A: Shoot the lawyer twice.


Q: What do you call 5000 dead lawyers at the bottom of the ocean?

A: A good start!


Q: How can you tell when a lawyer is lying?

A: His lips are moving.


Q: What's the difference between a dead dog in the road and a dead lawyer in the road?

A: There are skid marks in front of the dog.


Q: Why won't sharks attack lawyers?

A: Professional courtesy.


Q: What do you have when a lawyer is buried up to his neck in sand?

A: Not enough sand.


Q: Why did God make snakes just before lawyers?

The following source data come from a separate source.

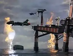 ![]() Thunderbird 2 (left) deploys Thunderbird 4 as the undersea fire threatens Seascape (right). The episode has been praised for its special effects. The Seascape model that appears in the episode was a replacement for the original, which was accidentally destroyed off-camera. | |
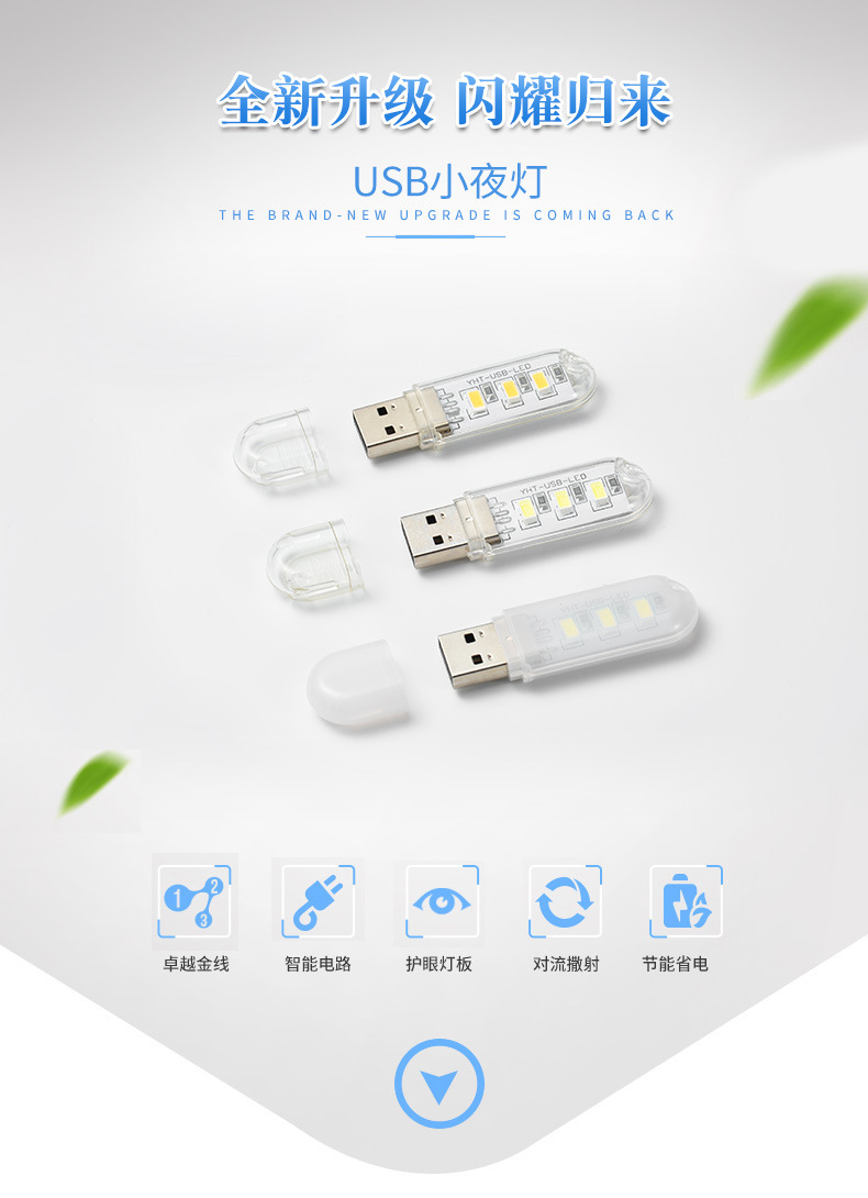 새로운 USB 램프 3LED 램프 USB 야간 조명 학생 기숙사 램프 모바일 전원 램프 USB 램프스토어 가기
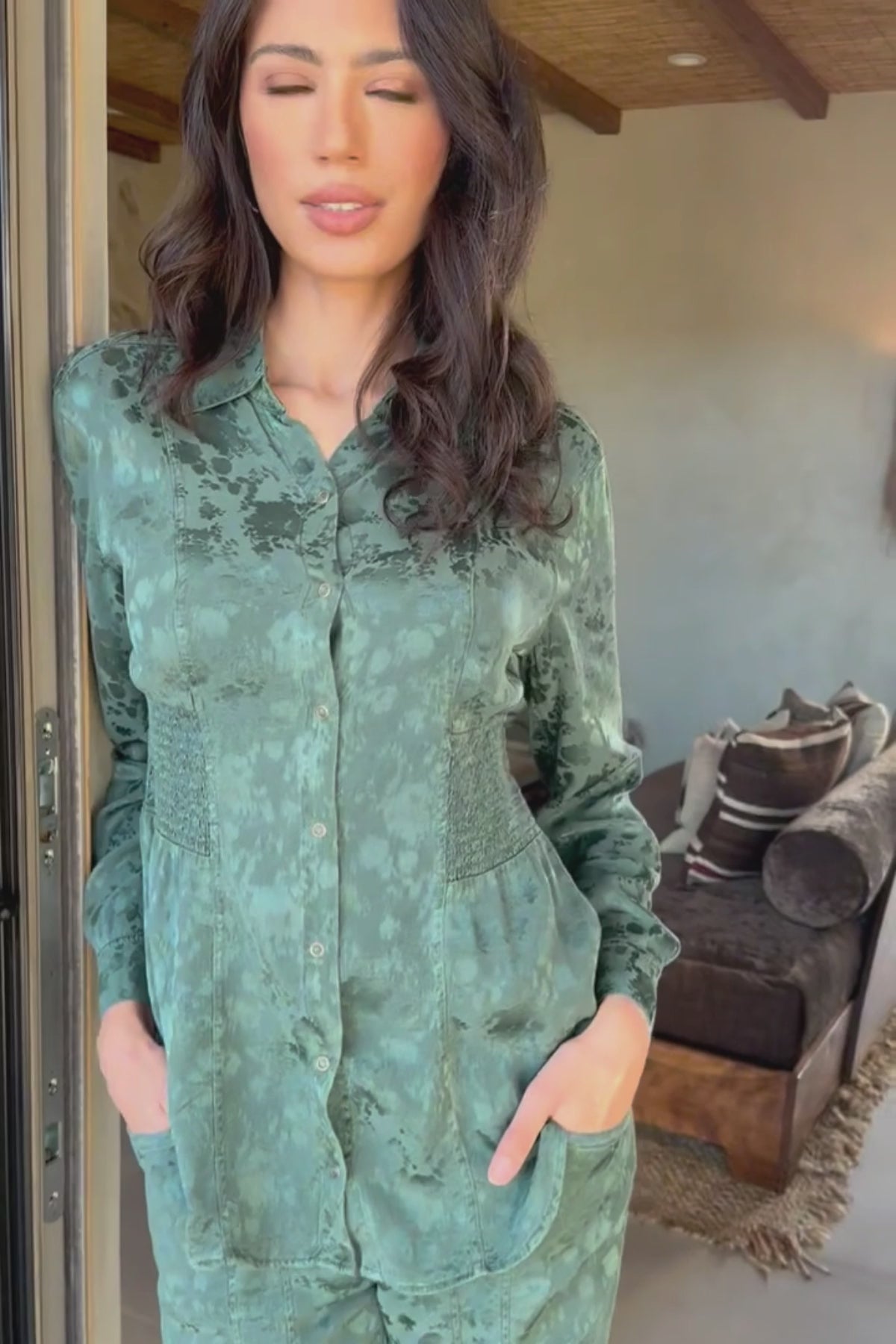 Senneca Textured Satin Shirred Peplum Button-Up Blouse in Ocean Storm Pigment
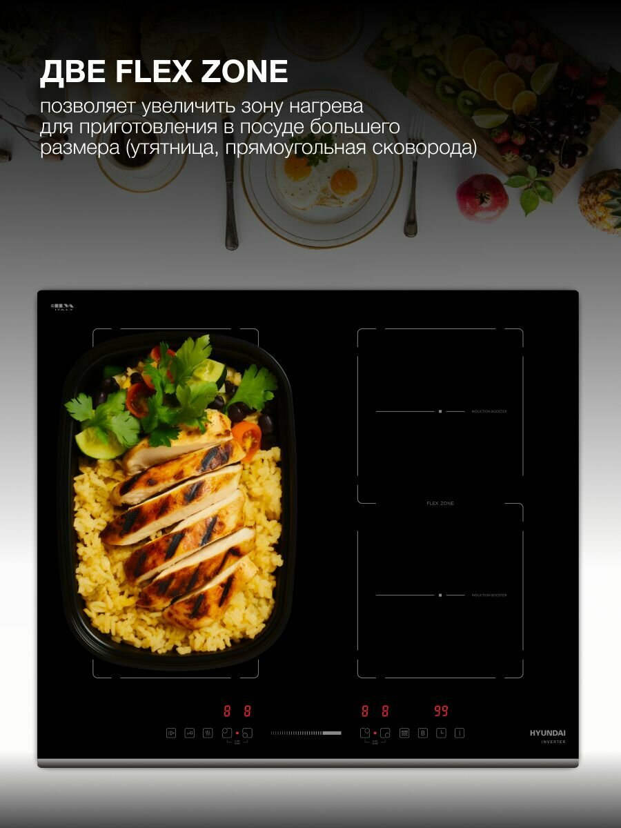 Индукционная варочная поверхность Hyundai HHI 6741 BG, Слайдерное управление, INVERTER, функция Автозакипания, функция поддержание тепла, таймер, пауза, скошенный передний край рамки черный 16 489 ₽
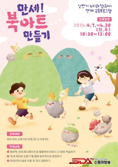 ±³À°Àº µ¿È­Ã¥°ú ¸¸¼¼ ¾Ö´Ï¸ÞÀÌ¼Ç µî ½Ãû°¢ ÀڷḦ Ȱ¿ëÇØ È­¼º½Ã 3¡¤1¿îµ¿ À̾߱⸦ ¹è¿ì´Â ½Ã°£À¸·Î ½ÃÀ۵ȴÙ. ÀÌ¾î ±³±¸Àç Ȱµ¿À» ÅëÇØ ÇнÀ ³»¿ëÀ» ÀÚ¿¬½º·´°Ô º¹½ÀÇϰí, °¨°¢ ½ºÆ¼Ä¿¸¦ Ȱ¿ëÇÑ ¡®³ª¸¸ÀÇ ºÏ¾ÆÆ® ¸¸µé±â¡¯ üÇèÀÌ ÁøÇàµÈ´Ù.
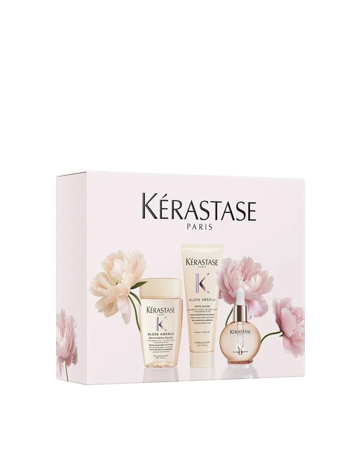 Settet inneholder følgende tre produkter: Gloss Absolu Bain Hydra-Glaze 80 ml, Gloss Absolu Insta Glaze Conditioner 75 ml, og Gloss Absolu Glaze Drops Hair Oil 45 ml.
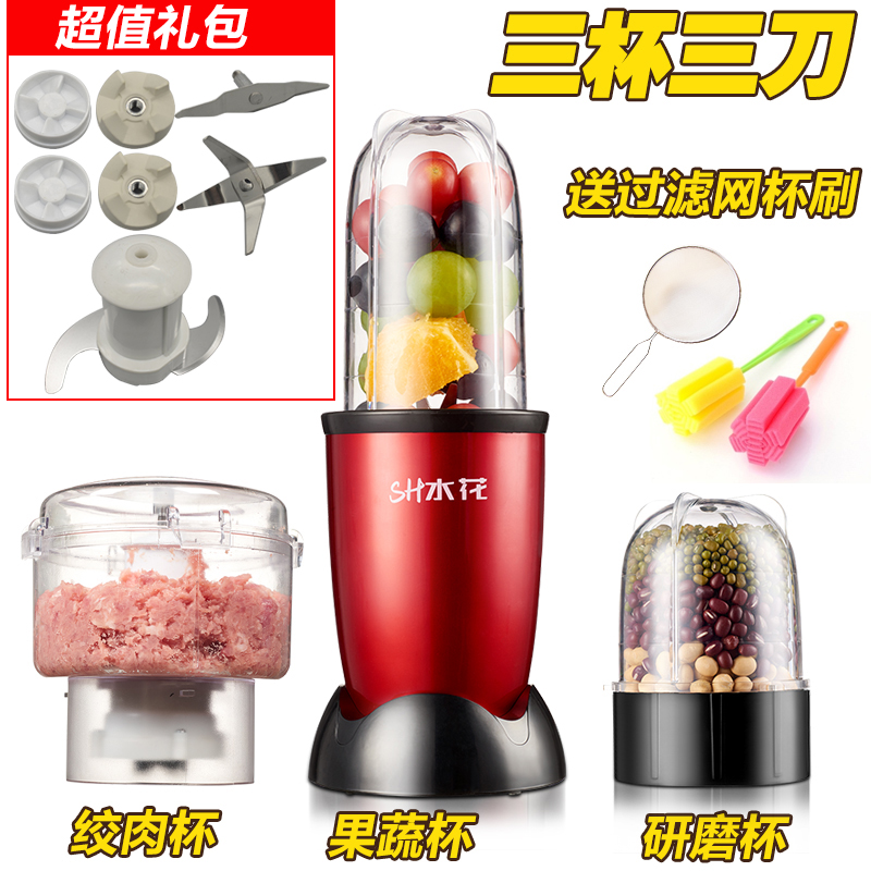 (Усиленный двигатель) 3 чашки и 3 ножа, бесплатная щетка для чашки фильтра.
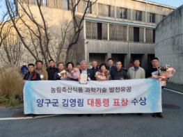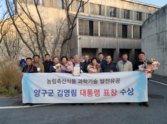 지난 18일 농촌진흥청 주관으로 전북 고창 상하농원 파머스빌리지 강당에서 열린 2021년 기술보급사업 종합평가회에서 김영림(양구군 국토정중앙면 가오작리) 씨가 농림축산식품 과학기술 발전 유공 분야 대통령 표창을 수상했다.
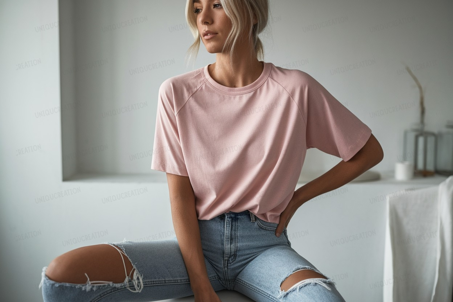Pink tee ripped jeans mockup woman t-shirt
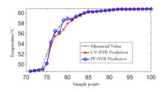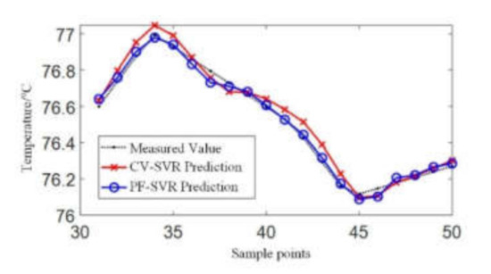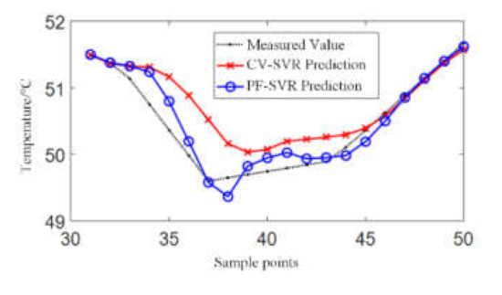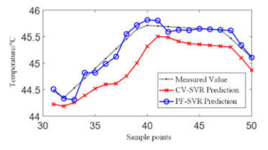 In order to show the superiority of the PF-SVR prediction method, a traditional support vector regression algorithm was compared here. Fifty sets of data from January 2019 were selected. The input data included the ambient temperature, load rate, fan status, and historical hotspot temperature, and the output included the predicted temperature. The first 30 sets were used for training and the remaining 20 sets were used for testing.
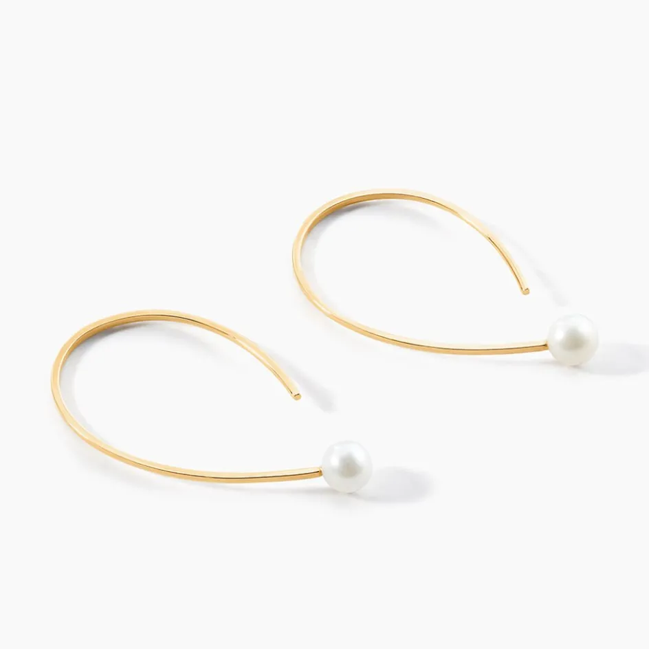 Creoles Or Jaune 375/1000 Amandes Perles De Culture 4/4,5Mm

A: To practice. A command was given to a dog: "SPEAK!"The dog said in return: "Not without my lawyer present!"


Q: Why is going to a meeting of the Bar Association like going into a bait shop?

A: Because of the abundance of suckers, leeches, maggots and night crawlers


Q: Why are there so many lawyers in the U. S.?

A: Because St. Patrick chased the snakes out of Ireland.


Q: What's the difference between a lawyer and a herd of buffalo?

A: The lawyer charges more."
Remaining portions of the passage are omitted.